▶ About this exercise
Would you transcribe exactly the lines from the beginning of the records below through the line with "Tumkur (18 km)", both included, omitting the pictures?

▶ Excerpted data
"""
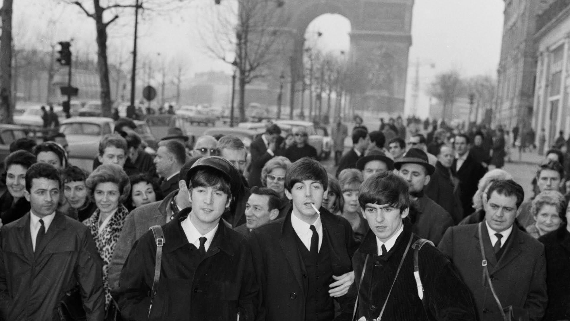 The Beatles and their entourage walking down the Champs- Elysees. (1964) [1920 × 1080]
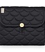Het Camcam verschoonmatje in het zwart met goudkleurige knoop is ideaal voor onderweg als je de luier van je baby wilt verschonen.
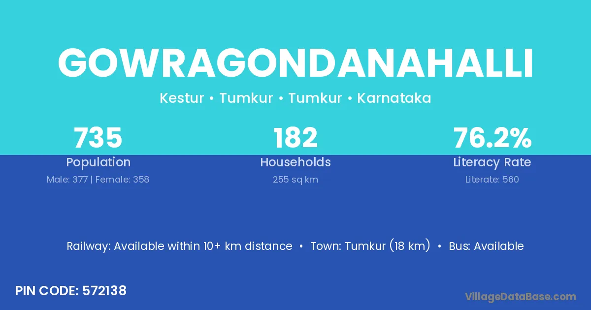 Tumkur (18 km) is the nearest town to Gowragondanahalli village for major economic activities and is located approximately 18 km away.
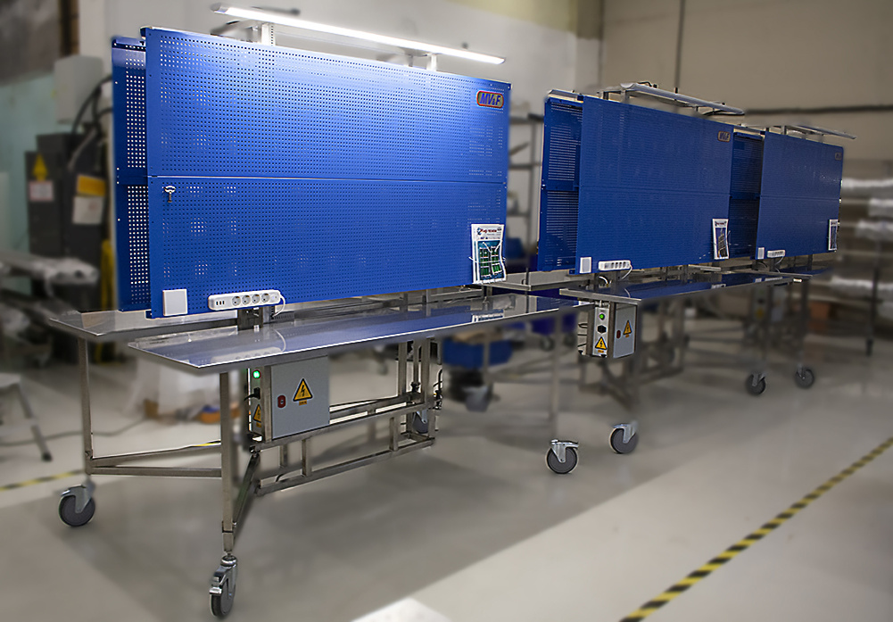 Мобильные лабораторные столы и стенды предназначены для проведения лабораторных работ и представляют собой рамную конструкцию с раздвижными опорами, имеющими ограничители крайних положений. Опоры оснащены колесами со стопорами для перемещения стенда. В составе имеются две откидные нержавеющие столешницы, предназначенные для размещения персональных компьютеров, ноутбуков и других принадлежностей, необходимых для проведения лабораторных работ. Вертикальные панели с перфорацией позволяют закреплять элементы пневматических, вакуумных, электрических и оптических систем.
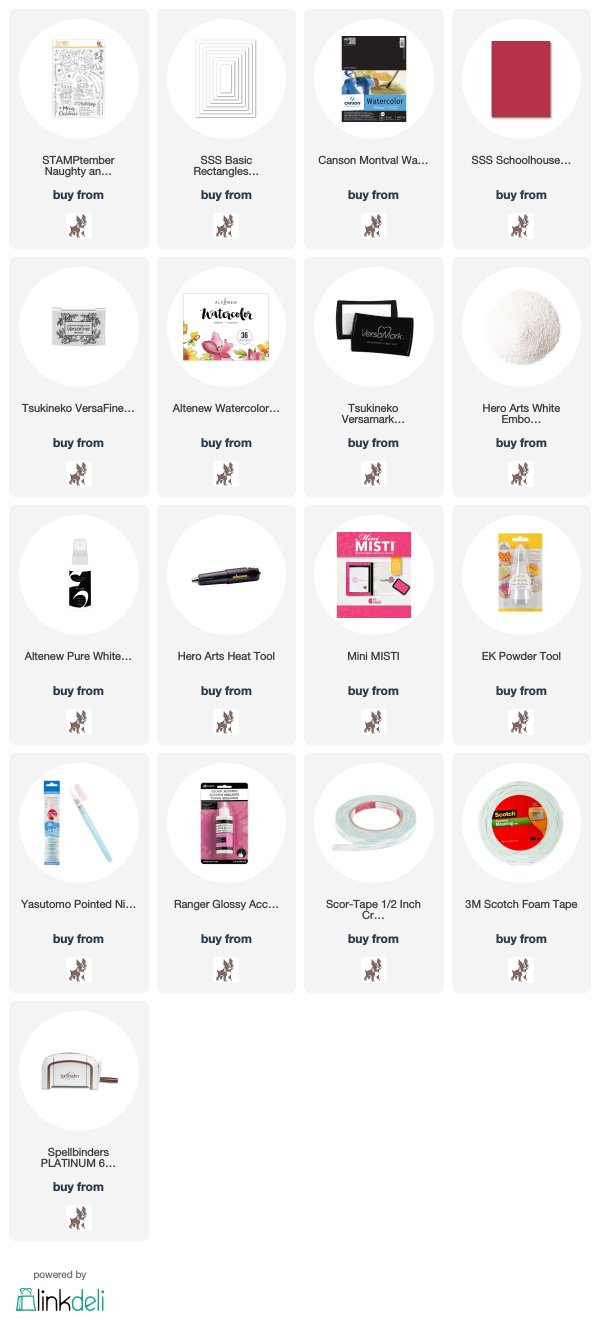 I believe you’re enjoying the most awesome craft event, STAMPtember®, these days! Today I have a watercoloured elves card with the STAMPtember® Naughty and Nice Elves stamp set.
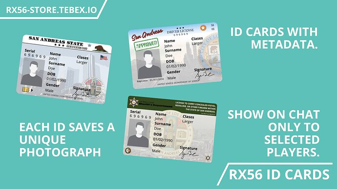 - Customizable IDs: Each card (ID CARD, DRIVERCARD, and WEAPONCARD) has a unique image that the user can update at will.
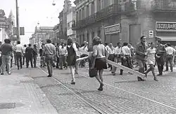 O crescimento salarial iniciado em 1950 elevou os preços.[114] A inflação aumentou mais rapidamente, e os salários reais caíram.[114] A alta inflação levou a um plano de estabilização que incluiu uma política monetária mais restritiva, cortes nos gastos públicos e aumentos em impostos e preços de serviços públicos. A crescente preocupação econômica ao longo da década de 1950 foi uma das principais causas da queda de Perón na Revolução Libertadora de 1955, pois as classes trabalhadoras viram sua qualidade de vida diminuir, retirando de Perón grande parte de seu apoio popular.[114]
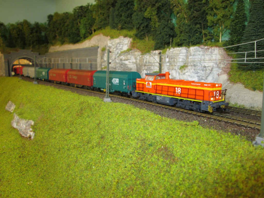 aprés un ultime essai, voici la machine en ligne sur mon réseau TT, avec un train de coils
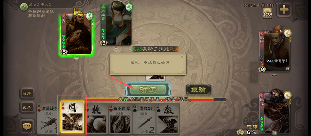 4、敌人对你出杀时,及时选出【闪】并点击【确定】,这样就能躲避伤害,保证自己能继续作战呀。
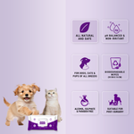 Designed to be truly all-in-one, each wipe gently cleans the body, fur, paws, face, nose, ears, eyes, and hygiene areas without irritation. Free from alcohol, parabens, and sulphates, they’re safe for all breeds and all age groups, including pets with sensitive skin. Perfect for quick clean-ups at home, on walks, or while traveling—no water required.
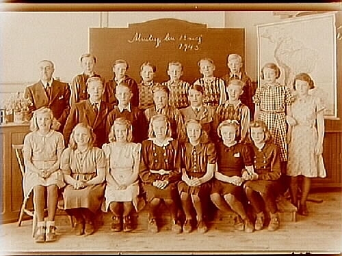 Almby skola, klassrumsinteriör, 20 skolbarn med lärare K.G. Karlsson, klass 6, sal 2.
"""
▶ Task output
 The Beatles and their entourage walking down the Champs- Elysees. (1964) [1920 × 1080]
Het Camcam verschoonmatje in het zwart met goudkleurige knoop is ideaal voor onderweg als je de luier van je baby wilt verschonen.
 Tumkur (18 km) is the nearest town to Gowragondanahalli village for major economic activities and is located approximately 18 km away.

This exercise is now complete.